PORTLAND, Ore. (May 9, 2023) — Vacasa, Inc. (Nasdaq: VCSA), North America’s leading vacation rental management platform, today announced the appointment of Bruce Schuman as Chief Financial Officer, effective June 1, 2023. Schuman will succeed Jamie Cohen, who is stepping down to pursue other opportunities. To facilitate an orderly succession and transition, Cohen will remain available for transition consultation services with the company through October 1, 2023. The transition was not the result of any disagreements between Cohen and Vacasa.

Schuman joins Vacasa with nearly 30 years of financial leadership experience within the technology sector. Most recently, Schuman served as the CFO of Kiavi, Inc., one of the nation’s largest technology-driven real estate lenders. Prior to Kiavi, Schuman spent more than 25 years at Intel Corporation, where he served as the financial lead for various business units, including, most recently, as the VP and CFO of Intel Capital.

“I’m thrilled to welcome Bruce to Vacasa,” said Rob Greyber, CEO of Vacasa. “Bruce has successfully led financial functions at one of the world’s most transformative technology companies and has also helped growth businesses develop financial and operating rigor as they scaled. Bruce will round out a leadership team at Vacasa focused on driving profitable growth, improving customer-centric execution and unlocking Vacasa’s long-term potential.” 

“I am excited to join Vacasa, a company with enormous potential to further transform the vacation rental industry,” said Schuman. “I’ve seen first-hand how technology can simplify and elevate customer experiences and am looking forward to working with Rob and the talented executive team as we continue to bring technology-enabled hospitality and service to Vacasa’s homeowners and guests.”

Cohen has served as Vacasa’s CFO since joining the company in March of 2021, building out its core finance functions and overseeing its business combination with TPG Pace Solutions Corp. that resulted in Vacasa becoming a publicly traded company.

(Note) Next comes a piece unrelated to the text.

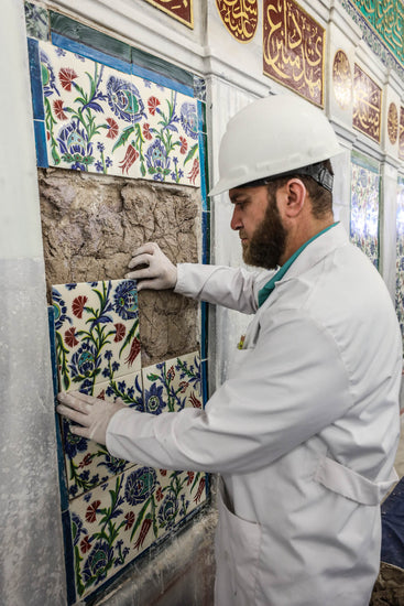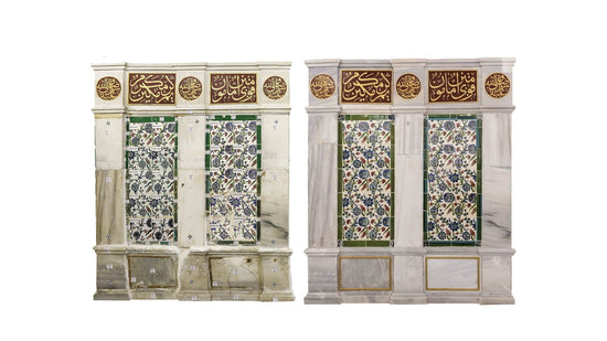 2019 yılının Haziran ayında Mısırlı restorasyon firması ile başlatılan görüşmeler, numune üretimi ve Medine’de yerinde yapılan incelemelerle devam etmiş; çalışmalar, aslına uygun gövde, astar, boya ve sırça üretimiyle tamamlanmıştır. Restorasyon kapsamında, 25x25 cm, 8x25 cm, 10x25 cm ve 12x25 cm ebatlarında toplam 462 parça İznik çinisi, klasik boyama tekniğinden farklı olarak kalem işi çalışmaların sır altı dekor tekniğiyle entegre edilmesiyle firmamız tarafından aslına uygun şekilde üretilmiştir.

“I want to thank Jamie for her hard work over the last couple of years and the valuable role she has played during her time with the company, especially in leading Vacasa into the public markets. It has been a pleasure having her on the team, and I wish her only the best in her future endeavors,” said Jeff Parks, Chairman of Vacasa’s board of directors.

About Vacasa
Vacasa is the leading vacation rental management platform in North America, transforming the vacation rental experience by integrating purpose-built technology with expert local and national teams. Homeowners enjoy earning significant incremental income on one of their most valuable assets, delivered by the company’s unmatched technology that is designed to adjust rates in real time to maximize revenue. Guests can relax comfortably in Vacasa’s 40,000+ homes across more than 500 destinations in the United States, Belize, Canada, Costa Rica, and Mexico, knowing that 24/7 support is just a phone call away. In addition to enabling guests to search, discover and book its properties on Vacasa.com and the Vacasa Guest App, Vacasa provides valuable, professionally managed inventory to top channel partners, including Airbnb, Booking.com and Vrbo.